Füchse-Manager wünscht sich frühes Ausscheiden

Kurz vor Beginn der Handball-EM macht sich Füchse-Manager Bob Hanning nicht nur Freunde. Er hoffe auf ein schnelles Ende für die zuletzt erfolglosen Deutschen bei der Europameisterschaft. Ganz nach dem Motto: "Lieber ein Ende mit Schrecken."

Foto: M. Lengemann

Die Anspannung steigt, bei Spielern und Verantwortlichen. Am Sonntag starten die deutschen Handballer in die Europameisterschaft, und sie wollen bei dem Turnier in Serbien ihre letzte Chance für eine Teilnahme an den Olympischen Spielen in London wahren. Kurz vor Beginn der Titelkämpfe sorgte Füchse-Geschäftsführer Bob Hanning für Aufsehen. Der Handball-Macher aus der Hauptstadt hatte gesagt, dass er nichts dagegen hätte, wenn man bei der EM scheitere. „Je eher wir ausscheiden, desto eher können wir einen Umbruch einleiten.“

Eine klare Ansage, die nicht jedem gefiel.
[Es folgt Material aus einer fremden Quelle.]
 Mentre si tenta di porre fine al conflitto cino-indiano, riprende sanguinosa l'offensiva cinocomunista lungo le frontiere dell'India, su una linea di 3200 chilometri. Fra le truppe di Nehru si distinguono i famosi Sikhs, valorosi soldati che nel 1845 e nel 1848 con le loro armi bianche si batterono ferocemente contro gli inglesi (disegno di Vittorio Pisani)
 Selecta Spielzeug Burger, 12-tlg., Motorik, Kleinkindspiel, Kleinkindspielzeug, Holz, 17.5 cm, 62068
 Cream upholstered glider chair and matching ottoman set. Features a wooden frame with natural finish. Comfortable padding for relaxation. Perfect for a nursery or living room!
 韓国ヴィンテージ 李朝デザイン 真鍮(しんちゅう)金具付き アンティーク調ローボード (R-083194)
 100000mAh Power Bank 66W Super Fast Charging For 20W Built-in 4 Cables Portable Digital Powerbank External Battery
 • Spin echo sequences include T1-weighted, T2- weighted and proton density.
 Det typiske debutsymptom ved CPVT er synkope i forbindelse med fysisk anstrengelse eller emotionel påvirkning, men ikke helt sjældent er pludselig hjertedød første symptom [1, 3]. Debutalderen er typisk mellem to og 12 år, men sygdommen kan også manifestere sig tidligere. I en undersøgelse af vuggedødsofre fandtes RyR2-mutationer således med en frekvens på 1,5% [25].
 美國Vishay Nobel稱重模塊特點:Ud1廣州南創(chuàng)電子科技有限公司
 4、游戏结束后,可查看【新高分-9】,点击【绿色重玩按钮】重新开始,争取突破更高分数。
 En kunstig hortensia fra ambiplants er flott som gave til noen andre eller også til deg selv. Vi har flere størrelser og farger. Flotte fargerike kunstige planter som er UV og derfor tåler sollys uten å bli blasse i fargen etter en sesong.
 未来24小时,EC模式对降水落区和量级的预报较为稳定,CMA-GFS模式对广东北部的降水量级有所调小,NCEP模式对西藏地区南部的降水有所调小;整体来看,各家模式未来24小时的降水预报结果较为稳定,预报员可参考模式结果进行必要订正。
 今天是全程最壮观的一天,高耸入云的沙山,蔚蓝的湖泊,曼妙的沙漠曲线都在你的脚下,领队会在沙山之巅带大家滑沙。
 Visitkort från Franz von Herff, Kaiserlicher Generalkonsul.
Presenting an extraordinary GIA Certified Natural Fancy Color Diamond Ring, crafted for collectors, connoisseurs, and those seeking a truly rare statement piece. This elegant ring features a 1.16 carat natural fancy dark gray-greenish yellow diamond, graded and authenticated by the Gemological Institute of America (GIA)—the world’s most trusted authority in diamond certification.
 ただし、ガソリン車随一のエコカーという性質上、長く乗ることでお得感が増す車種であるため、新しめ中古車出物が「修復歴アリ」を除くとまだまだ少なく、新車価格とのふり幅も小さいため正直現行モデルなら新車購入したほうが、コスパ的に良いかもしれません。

So zum Beispiel auch dem früheren Nationalspieler Stefan Kretzschmar nicht, der Magdeburger widersprach dem Berliner Manager. „Der deutsche Handball kann es sich nicht erlauben, solche Turniere einfach abzuschenken“, sagte Kretzschmar der "Bild"-Zeitung, „wir können keine zwei Jahre Auszeit nehmen. Wir müssen bei jedem Turnier erfolgreich sein.“

Doch genau das gelang der deutschen Mannschaft zuletzt überhaupt nicht mehr. Nach dem furiosen WM-Sieg 2007 im eigenen Land ging es sukzessive bergab. Bei den Olympischen Spielen in Peking schied die deutsche Auswahl nach der Vorrunde aus, 2010 erreichte sie bei der EM Rang zehn, die WM 2011 wurde gar nur als Elfter beendet. Ein Tiefpunkt. Jetzt steht die Mannschaft von Bundestrainer Martin Heuberger gewaltig unter Druck.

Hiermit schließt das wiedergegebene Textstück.